For Adam Hilborn, Sr. Brand Lead at Rivian from 2021 to 2023, the project demonstrated how an electric vehicle company could enter a new category while remaining tied to utility, sustainability, and adventure.
Up next, we’ll look at how Hilborn’s design background, Rivian’s brand direction, and Jackson’s apparel experience shaped a collection made for everyday use.
A brand extension needs a clear reason to exist. Putting a logo on clothing may make it recognizable, but that alone does not make the product feel connected to the company behind it.

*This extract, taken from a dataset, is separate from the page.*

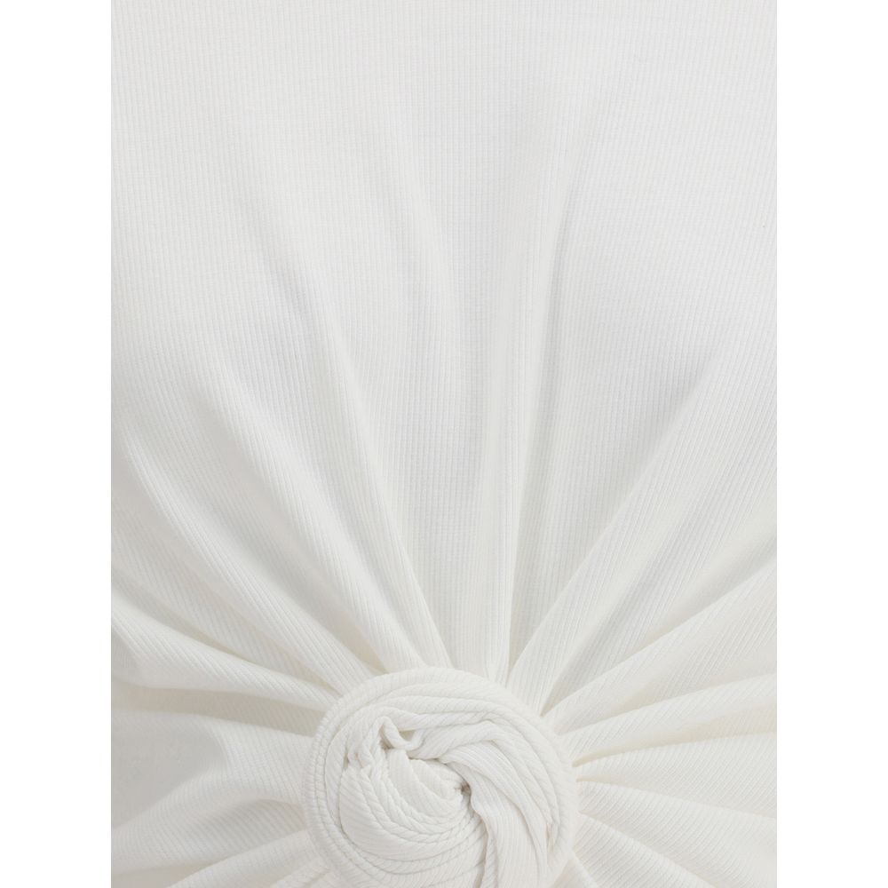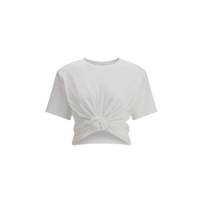 Magda Butrym’s T-Shirt is a versatile and feminine piece featuring a classic crew neck and a ribbed design that enhances the silhouette. The rose flower detail and drape on the front add a touch of originality and sweetness, making it perfect for casual yet sophisticated looks.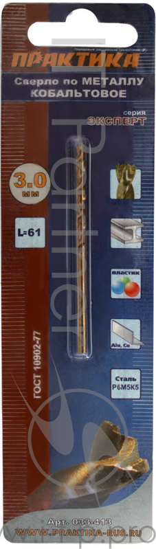 Сверло по металлу ПРАКТИКА 033-413 3.0х61мм кобальтовое, в блистере

Rivian already had a strong association with electric vehicles, outdoor travel, practical design, and sustainability. Apparel gave the company another way to express those ideas outside the vehicle.
The “In Case of Adventure” collection was made for changing plans, shifting weather, and movement between city and outdoor settings. This helped the capsule feel connected to Rivian rather than like a separate fashion project.
For Rivian, the collection showed how clothing could carry the same practical, outdoor-aware qualities as its vehicles.
Hilborn’s career helps explain why he was a strong fit for this kind of brand work.
Before Rivian, he spent six years at IDEO, including roles as Senior Design Lead and Design Lead. His work involved leading teams across disciplines and translating complex ideas into clear, useful experiences.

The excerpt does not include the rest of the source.